START RECORDS

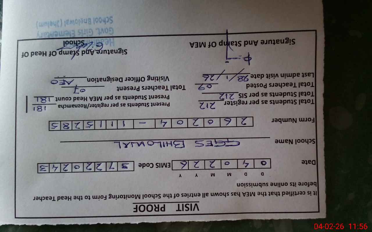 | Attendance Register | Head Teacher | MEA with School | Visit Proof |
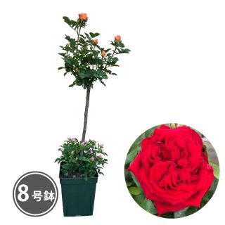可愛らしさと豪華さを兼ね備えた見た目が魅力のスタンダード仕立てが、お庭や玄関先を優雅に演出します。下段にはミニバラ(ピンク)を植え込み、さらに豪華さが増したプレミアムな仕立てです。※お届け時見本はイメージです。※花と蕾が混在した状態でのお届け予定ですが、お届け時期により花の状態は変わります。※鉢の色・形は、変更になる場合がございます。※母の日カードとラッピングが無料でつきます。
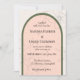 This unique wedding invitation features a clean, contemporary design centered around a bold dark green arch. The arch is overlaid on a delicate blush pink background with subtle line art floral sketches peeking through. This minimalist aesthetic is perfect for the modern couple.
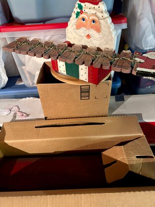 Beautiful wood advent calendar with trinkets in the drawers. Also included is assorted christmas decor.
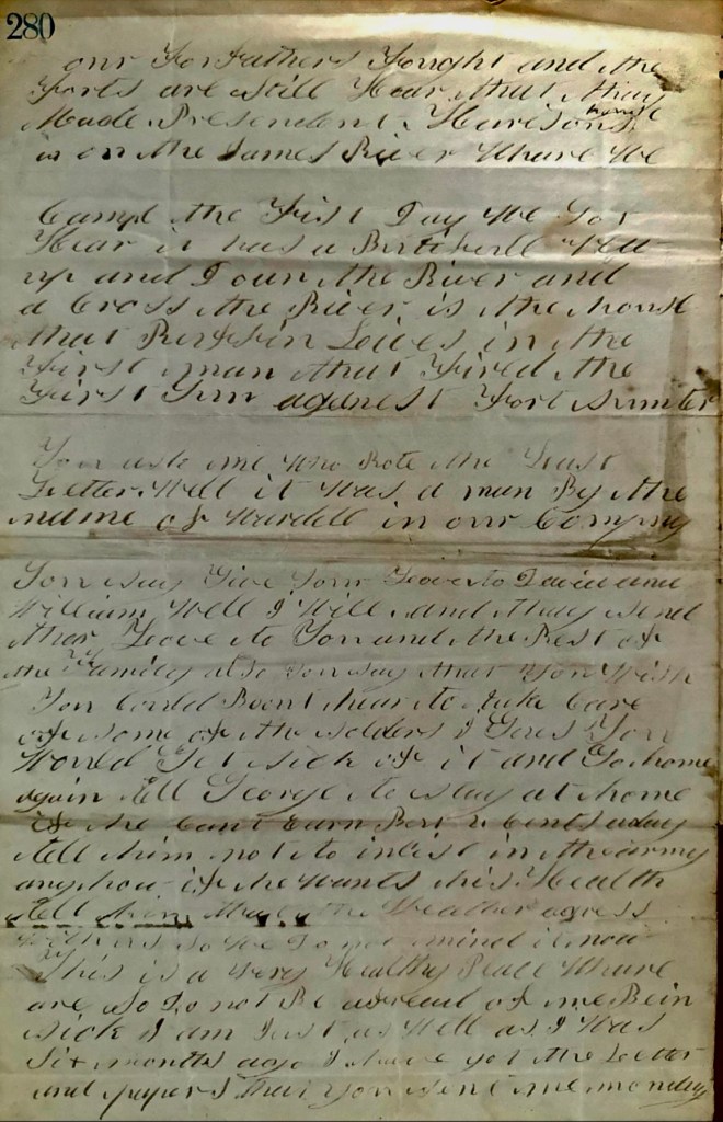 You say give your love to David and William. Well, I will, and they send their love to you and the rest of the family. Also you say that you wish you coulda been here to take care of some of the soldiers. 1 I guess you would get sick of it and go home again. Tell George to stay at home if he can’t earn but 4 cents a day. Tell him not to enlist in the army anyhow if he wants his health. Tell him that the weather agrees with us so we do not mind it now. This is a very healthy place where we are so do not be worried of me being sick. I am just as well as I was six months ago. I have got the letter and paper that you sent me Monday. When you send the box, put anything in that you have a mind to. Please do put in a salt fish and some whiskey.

END RECORDS

EXERCISE DESCRIPTION — Reproduce each record above by retyping it exactly; omit all images.

FINISHED TASK —
 | Attendance Register | Head Teacher | MEA with School | Visit Proof |
可愛らしさと豪華さを兼ね備えた見た目が魅力のスタンダード仕立てが、お庭や玄関先を優雅に演出します。下段にはミニバラ(ピンク)を植え込み、さらに豪華さが増したプレミアムな仕立てです。※お届け時見本はイメージです。※花と蕾が混在した状態でのお届け予定ですが、お届け時期により花の状態は変わります。※鉢の色・形は、変更になる場合がございます。※母の日カードとラッピングが無料でつきます。
 This unique wedding invitation features a clean, contemporary design centered around a bold dark green arch. The arch is overlaid on a delicate blush pink background with subtle line art floral sketches peeking through. This minimalist aesthetic is perfect for the modern couple.
 Beautiful wood advent calendar with trinkets in the drawers. Also included is assorted christmas decor.
 You say give your love to David and William. Well, I will, and they send their love to you and the rest of the family. Also you say that you wish you coulda been here to take care of some of the soldiers. 1 I guess you would get sick of it and go home again. Tell George to stay at home if he can’t earn but 4 cents a day. Tell him not to enlist in the army anyhow if he wants his health. Tell him that the weather agrees with us so we do not mind it now. This is a very healthy place where we are so do not be worried of me being sick. I am just as well as I was six months ago. I have got the letter and paper that you sent me Monday. When you send the box, put anything in that you have a mind to. Please do put in a salt fish and some whiskey.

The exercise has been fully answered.